DATA SUPPLIED:
● ● ● ● ●
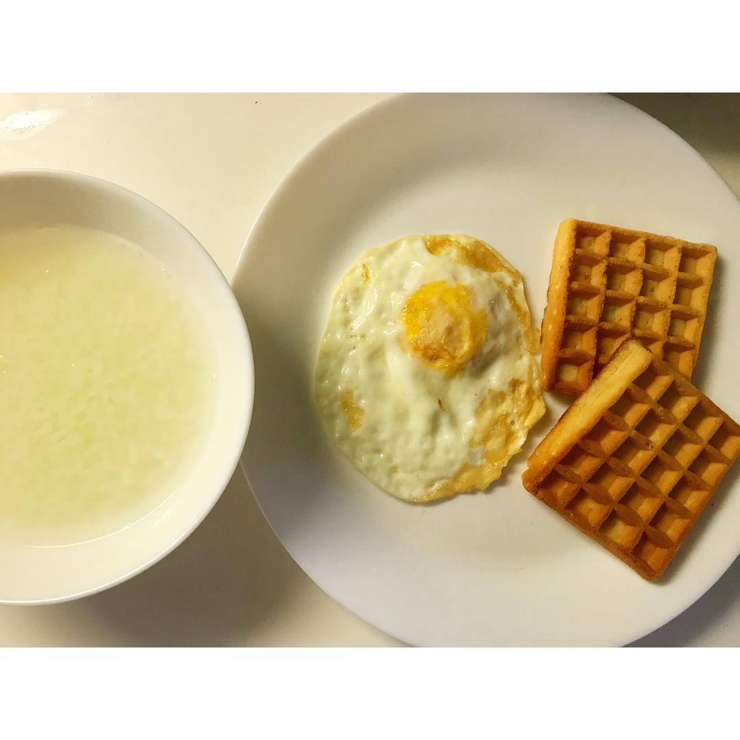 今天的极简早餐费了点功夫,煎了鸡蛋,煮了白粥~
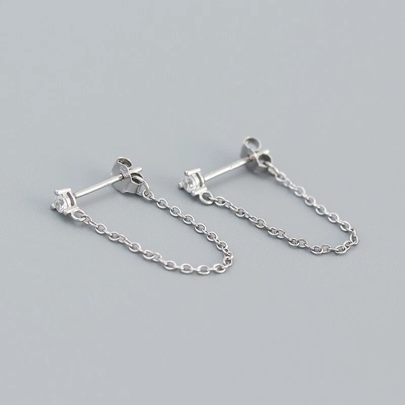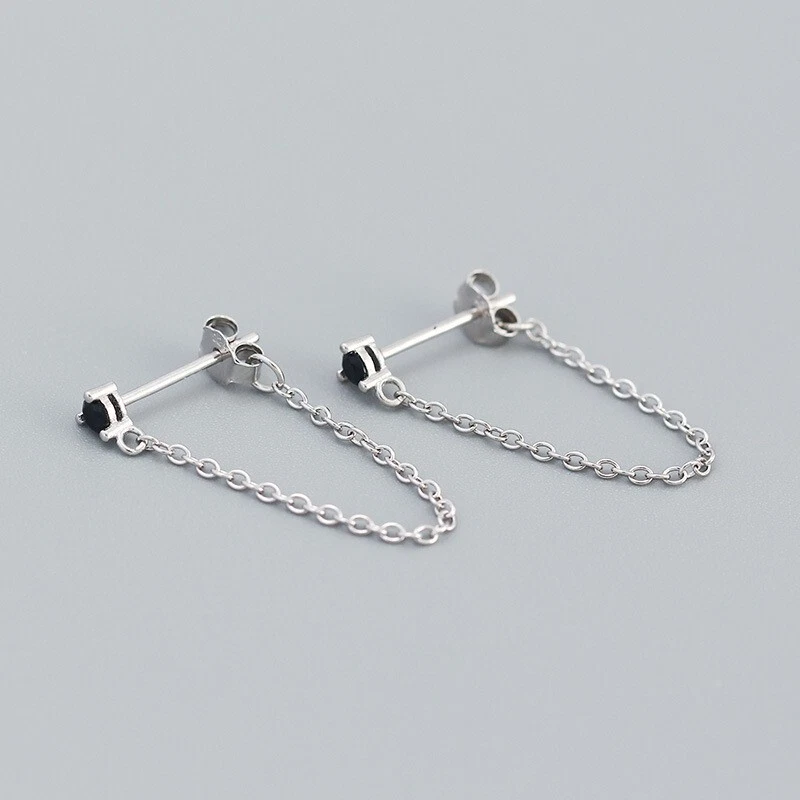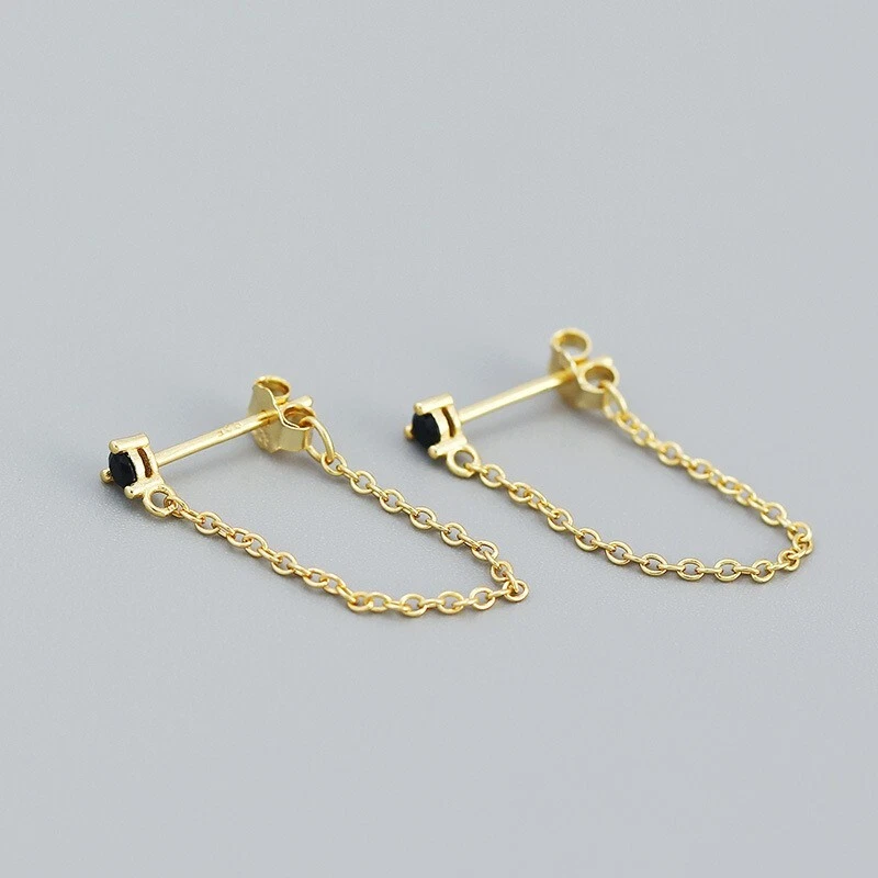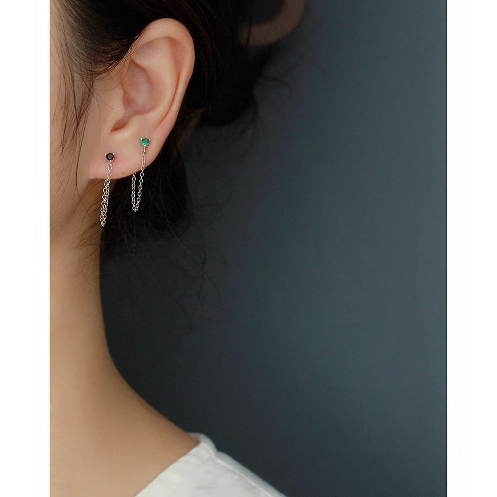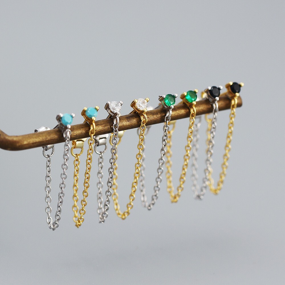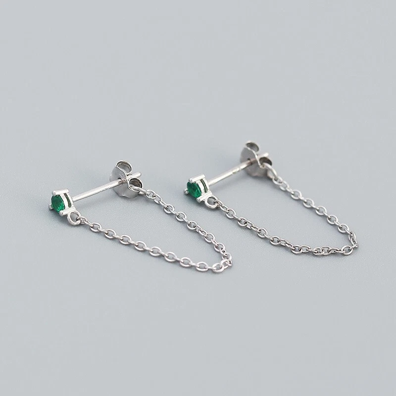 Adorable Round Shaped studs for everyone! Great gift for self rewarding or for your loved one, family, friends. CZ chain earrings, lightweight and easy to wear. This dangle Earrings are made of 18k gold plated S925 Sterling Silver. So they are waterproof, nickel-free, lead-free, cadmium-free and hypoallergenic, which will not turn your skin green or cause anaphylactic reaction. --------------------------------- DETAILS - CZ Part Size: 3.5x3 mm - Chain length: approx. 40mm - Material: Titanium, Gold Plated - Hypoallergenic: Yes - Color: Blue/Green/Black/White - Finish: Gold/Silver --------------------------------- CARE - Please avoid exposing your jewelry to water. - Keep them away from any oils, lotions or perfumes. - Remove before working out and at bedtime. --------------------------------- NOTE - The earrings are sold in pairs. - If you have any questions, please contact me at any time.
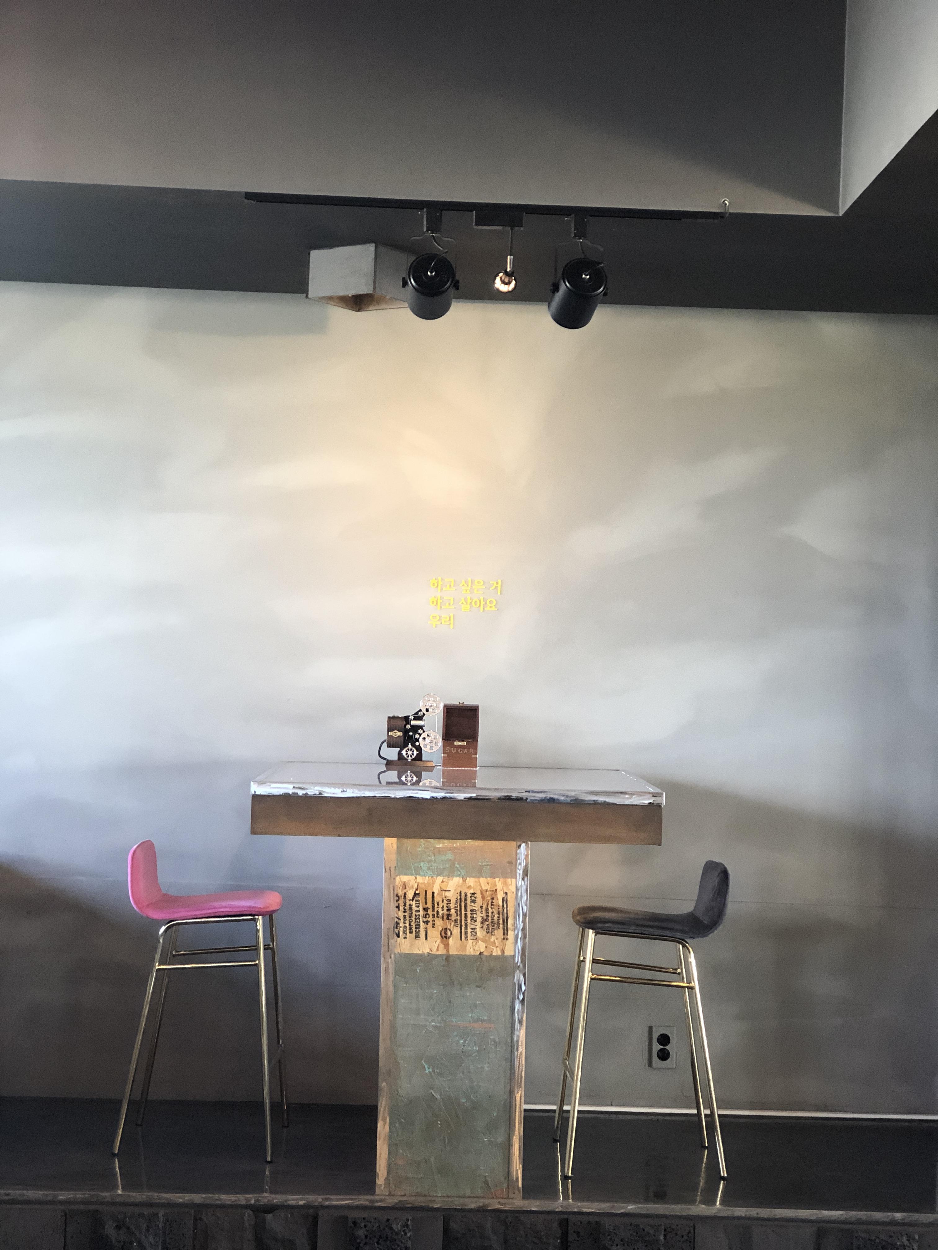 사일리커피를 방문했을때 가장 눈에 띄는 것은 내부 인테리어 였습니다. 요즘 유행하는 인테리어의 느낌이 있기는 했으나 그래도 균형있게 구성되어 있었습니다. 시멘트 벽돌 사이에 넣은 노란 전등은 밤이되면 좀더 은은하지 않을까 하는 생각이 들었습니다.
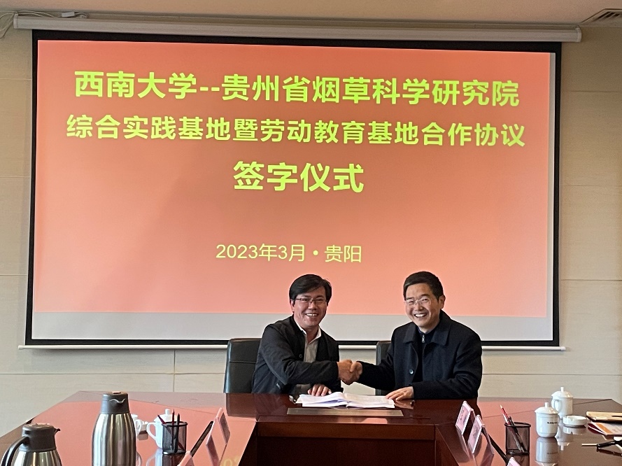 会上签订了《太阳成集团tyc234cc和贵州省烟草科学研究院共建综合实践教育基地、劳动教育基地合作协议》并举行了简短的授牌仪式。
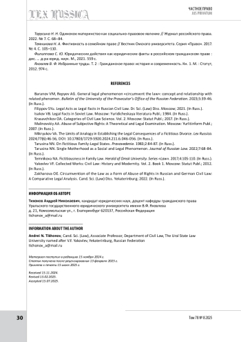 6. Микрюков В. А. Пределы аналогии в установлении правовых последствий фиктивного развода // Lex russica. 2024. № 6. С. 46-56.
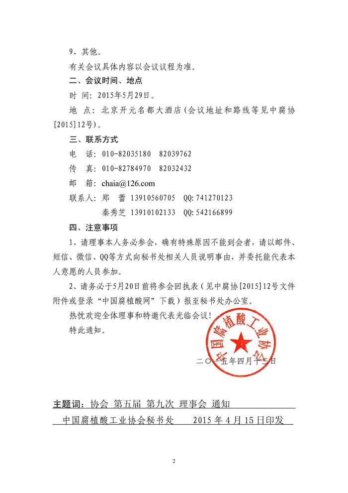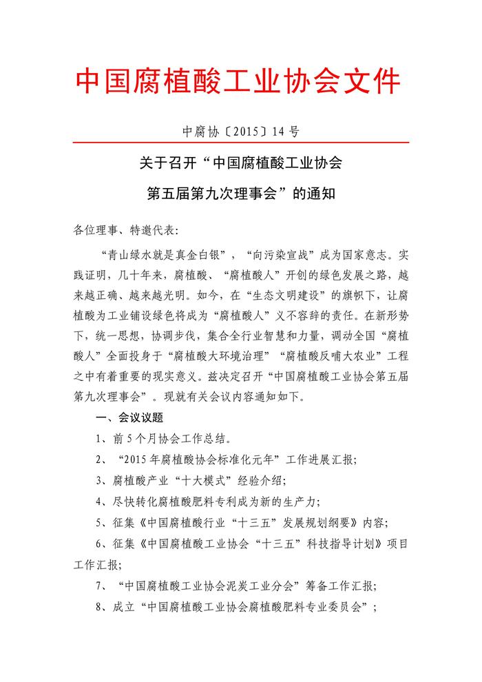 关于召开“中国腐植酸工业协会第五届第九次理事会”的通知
● ● ● ● ●
TASK TO COMPLETE: Whenever you reach a picture, pass over it; print all the other material exactly.

RESPONSE:
 今天的极简早餐费了点功夫,煎了鸡蛋,煮了白粥~
 Adorable Round Shaped studs for everyone! Great gift for self rewarding or for your loved one, family, friends. CZ chain earrings, lightweight and easy to wear. This dangle Earrings are made of 18k gold plated S925 Sterling Silver. So they are waterproof, nickel-free, lead-free, cadmium-free and hypoallergenic, which will not turn your skin green or cause anaphylactic reaction. --------------------------------- DETAILS - CZ Part Size: 3.5x3 mm - Chain length: approx. 40mm - Material: Titanium, Gold Plated - Hypoallergenic: Yes - Color: Blue/Green/Black/White - Finish: Gold/Silver --------------------------------- CARE - Please avoid exposing your jewelry to water. - Keep them away from any oils, lotions or perfumes. - Remove before working out and at bedtime. --------------------------------- NOTE - The earrings are sold in pairs. - If you have any questions, please contact me at any time.
 사일리커피를 방문했을때 가장 눈에 띄는 것은 내부 인테리어 였습니다. 요즘 유행하는 인테리어의 느낌이 있기는 했으나 그래도 균형있게 구성되어 있었습니다. 시멘트 벽돌 사이에 넣은 노란 전등은 밤이되면 좀더 은은하지 않을까 하는 생각이 들었습니다.
 会上签订了《太阳成集团tyc234cc和贵州省烟草科学研究院共建综合实践教育基地、劳动教育基地合作协议》并举行了简短的授牌仪式。
 6. Микрюков В. А. Пределы аналогии в установлении правовых последствий фиктивного развода // Lex russica. 2024. № 6. С. 46-56.
 关于召开“中国腐植酸工业协会第五届第九次理事会”的通知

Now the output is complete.